JP2002126693A - Method for treatment waste - Google Patents

Abstract

PROBLEM TO BE SOLVED: To provide a treatment method which is capable of rapidly and efficiently filtering out zinc in liquid. SOLUTION: The method is to subject wastes to the separation of solid from liquid by acid leaching and recovering the zinc from the filtrate, in which a sulfuration source is introduced into the acid leaching filtrate to convert the zinc in the liquid to zinc sulfate and to settle the same and further this filtrate is regulated to alkalinity to convert the remaining zinc in the liquid to zinc hydroxide, and to settle the same.

Description

DETAILED DESCRIPTION OF THE INVENTION

[0001]

BACKGROUND OF THE INVENTION 1. Field of the Invention The present invention relates to a method for easily recovering zinc by forming a precipitate having good filterability when recovering zinc contained in waste. More specifically, fly ash generated in the cement manufacturing process, garbage incineration equipment, etc.
The present invention relates to a method for efficiently separating and recovering zinc when separating and recovering heavy metals such as copper, zinc, and lead from (dust) and the like.

[0002]

2. Description of the Related Art Dust and various industrial wastes discharged from garbage incineration facilities and sewage sludge incineration facilities, and various dusts such as dust discharged from a cement kiln and a high-temperature treatment process of soot are contained in copper in an amount of several percent. It contains heavy metals such as lead and zinc, and when these wastes are directly disposed of in landfills, there is a problem that heavy metals such as lead elute and cause environmental pollution.Therefore, it is necessary to separate and collect these as much as possible. I have.

[0003]

As a method for removing zinc contained in wastes, the wastes are subjected to acid leaching and solid-liquid separation, and then zinc is precipitated and removed from the filtrate as hydroxide or sulfide. There are known ways to do this. However, since zinc hydroxide is a colloidal precipitate, the filtration property is poor, and there is a problem that the filtration time is long or the filtration equipment is large. On the other hand, since zinc sulfide is an extremely fine precipitate, it easily passes through filter paper or filter cloth and is difficult to filter.

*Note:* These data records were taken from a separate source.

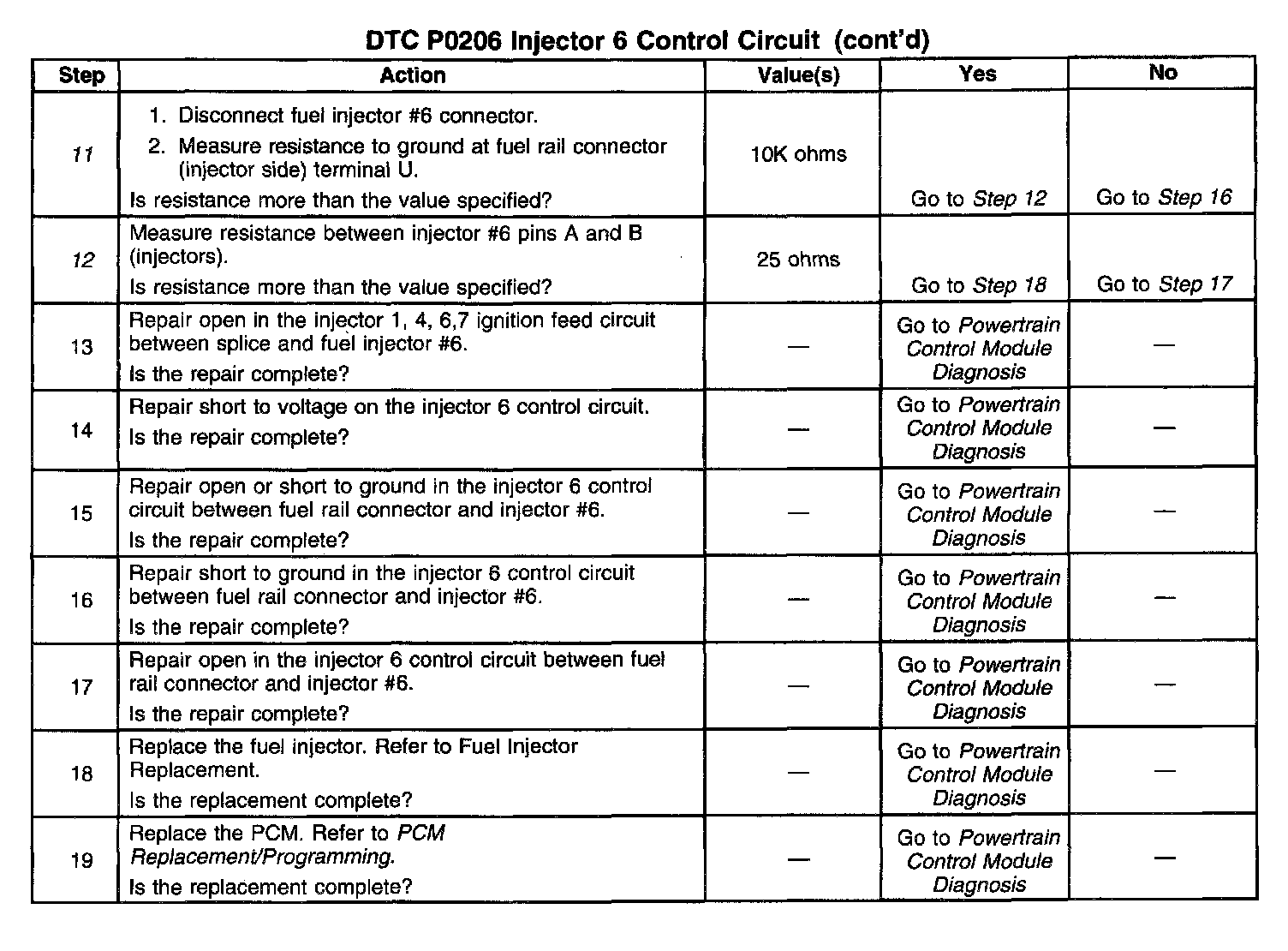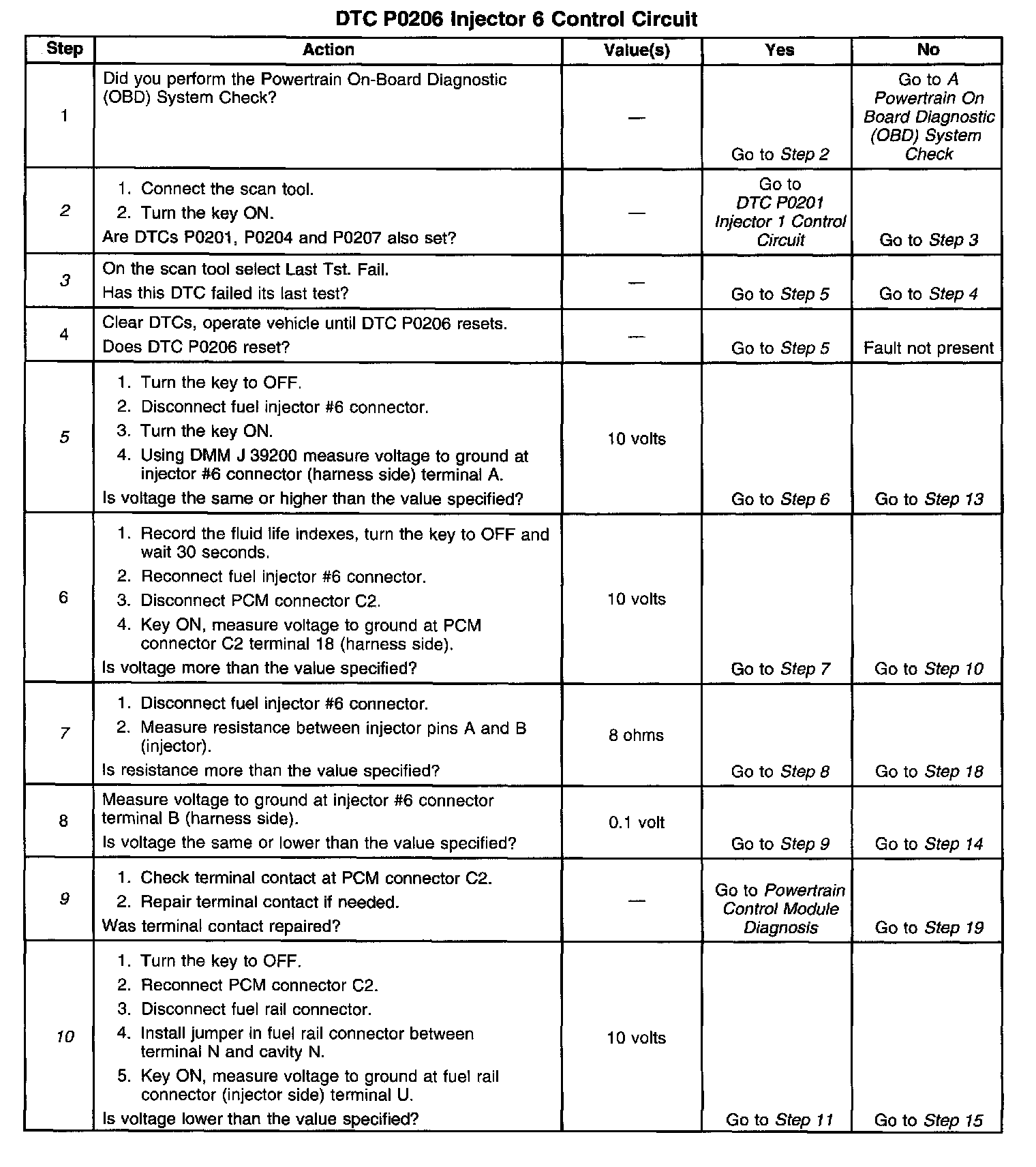 This PCM contains a General Field Effect Transistor (FET) Driver (GFD) that controls the eight fuel injector drivers. The GFD contains circuitry that is used to determine if there is a problem with any of the fuel injector circuits. The GFD has a fault line for each injector. The fault line goes high when an open, short to ground, or short to voltage is noticed in an injector circuit. DTC P0206 is set when the fault line for injector # 6 is high.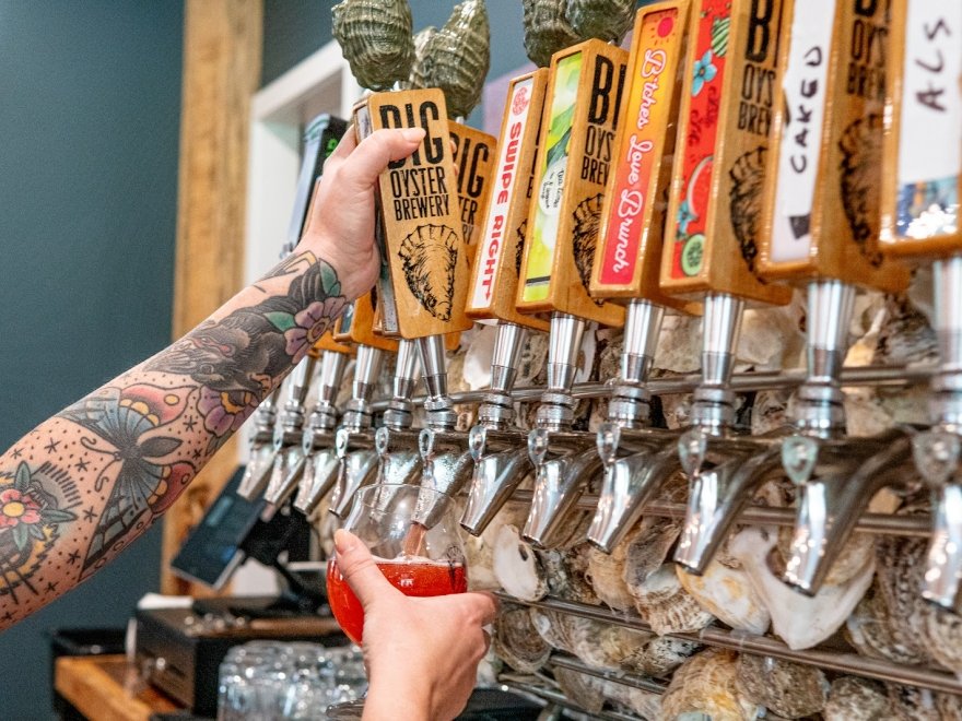 Big Oyster brought me big smiles. So many choices of brew and food. Plenty of seating. Free parking. Best oysters I have had this year! Waiter was a pro! Dog friendly establishment. I will go back! 🍺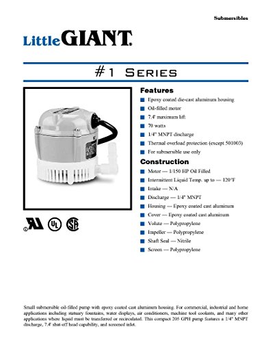 Little Giant 501003 1 115 Volt 205 GPH Oil-Filled Small Submersible Pump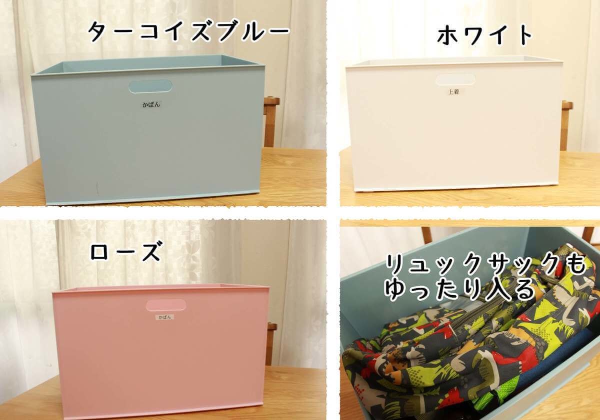 5色あり、淡い色なのでカラーボックスと違う色のボックスを選んでもバランスよくまとまります。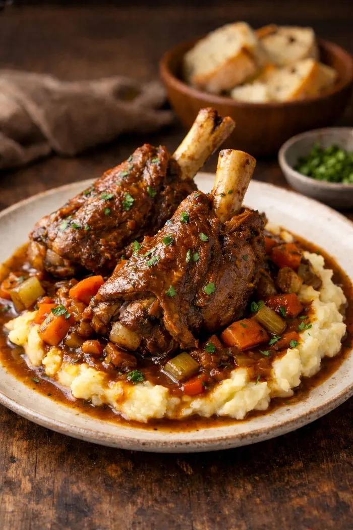 Serve the lamb shanks over creamy mashed potatoes or polenta. Spoon the sauce and vegetables over the top and garnish with parsley.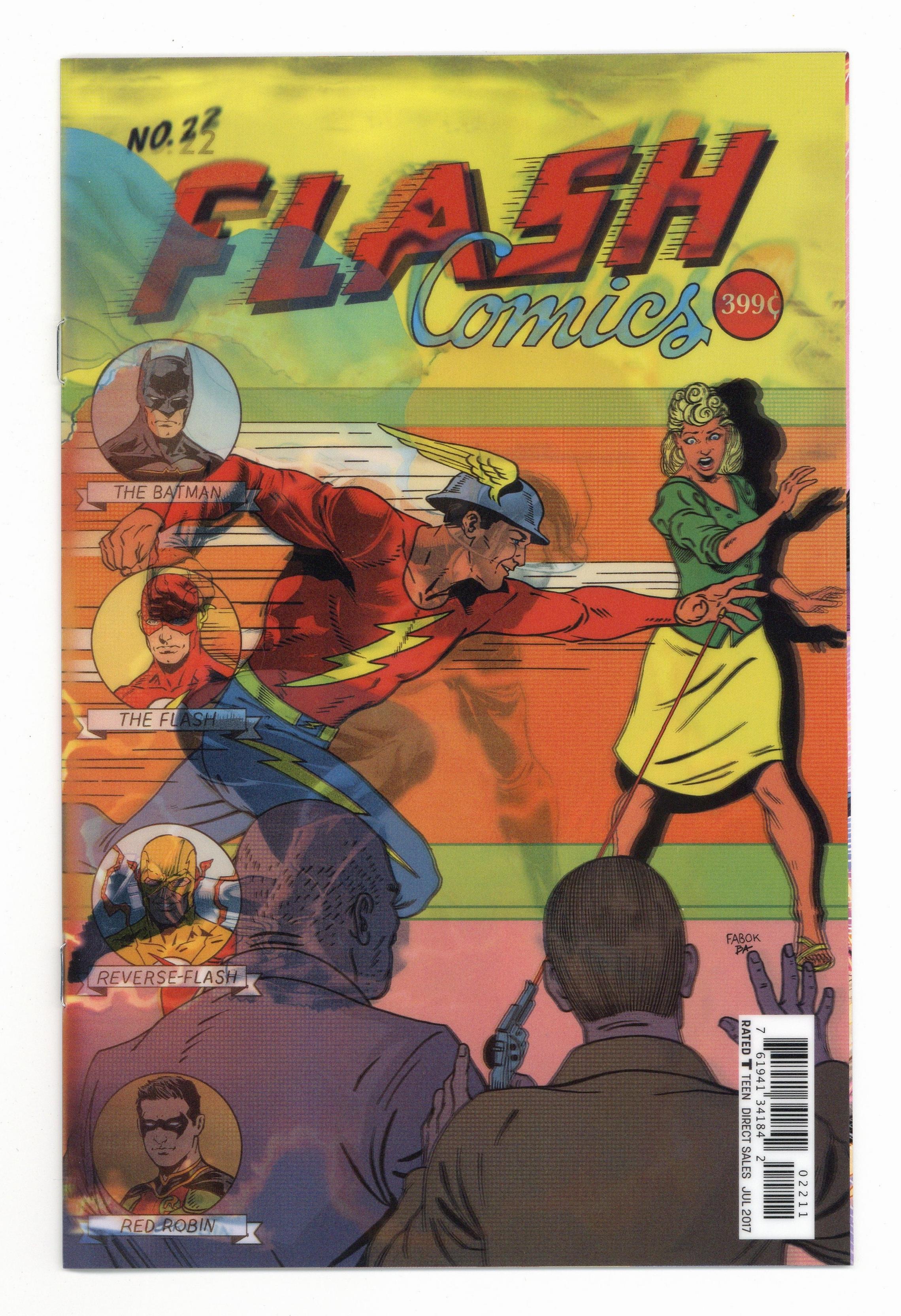 Lenticular Variant Edition. Written by Joshua Williamson. Art by Howard Porter. Cover by Jason Fabok. "THE BUTTON" part four! The cataclysmic events of DC UNIVERSE: REBIRTH #1 continue here! The Dark Knight and The Fastest Man Alive, the two greatest detectives on any world, unite to explore the mystery behind a certain blood-stained smiley button embedded in the Batcave wall. What starts as a simple investigation turns deadly when the secrets of the button prove irresistible to an unwelcome third party-and it's not who anyone suspects! It's a mystery woven through time, and the ticking clock starts here! 32 pages, full color. Rated T Cover price $3.99.

[0004] The present invention has solved such a problem in the conventional processing method, and provides a processing method for effectively separating zinc contained in a liquid. The treatment method of the present invention is suitable as a method for separating zinc when heavy metals such as copper, zinc, and lead are separated and collected from dust and the like generated in a cement production process, a garbage incineration facility, and the like.

[0005]

Means for Solving the Problems The present invention provides (1) a method for recovering zinc from acid-leached waste by solid-liquid separation and recovering zinc from the filtrate. The present invention relates to a method for treating waste, comprising converting zinc to zinc sulfide for precipitation, further adjusting the filtrate to alkalinity, and converting residual zinc in the liquid to zinc hydroxide for precipitation.

In the above treatment method of the present invention, (2) the waste is washed with water, desalted, and sodium sulfide is introduced into the acid leached filtrate of the desalted cake subjected to solid-liquid separation to precipitate zinc sulfide. A treatment method of adjusting the pH of the filtrate to 8 or more to precipitate zinc hydroxide, (3) a treatment method of adding sodium hydrosulfide having a zinc concentration of 0.6 equivalent or more contained in the acid leached filtrate,
(4) a step of washing and desalting the waste water to perform solid-liquid separation, a step of subjecting the desalted cake to acid-leaching to perform solid-liquid separation, a step of subjecting the acid-leached solid to solid-liquid separation by alkali leaching, A step of recovering lead from the filtrate, adding sodium bisulfide to the filtrate from which copper has been removed from the acid leached filtrate to precipitate zinc sulfide, and further removing the filtrate from the lead after the lead is recovered in the alkaline leaching step in the filtrate. The pH value is adjusted to 8 or more by adding to the solution, and a treatment method for precipitating zinc hydroxide is included.

[0007]

DESCRIPTION OF THE PREFERRED EMBODIMENTS Hereinafter, the present invention will be described in detail based on embodiments. FIG. 1 shows an example including the processing method of the present invention.
Shown in The treatment method shown in the figure is for washing waste such as dust with water.
(Water leaching) for solid-liquid separation, waste water treatment, acid-leaching of the desalted cake solid-liquid separated in the water washing step with sulfuric acid or the like, and solid-liquid separation, copper and zinc from the acid leached filtrate. The method includes a step of recovering by precipitation, a step of leaching the solid content of acid leaching with alkali, and a step of recovering lead from the filtrate of alkali leaching.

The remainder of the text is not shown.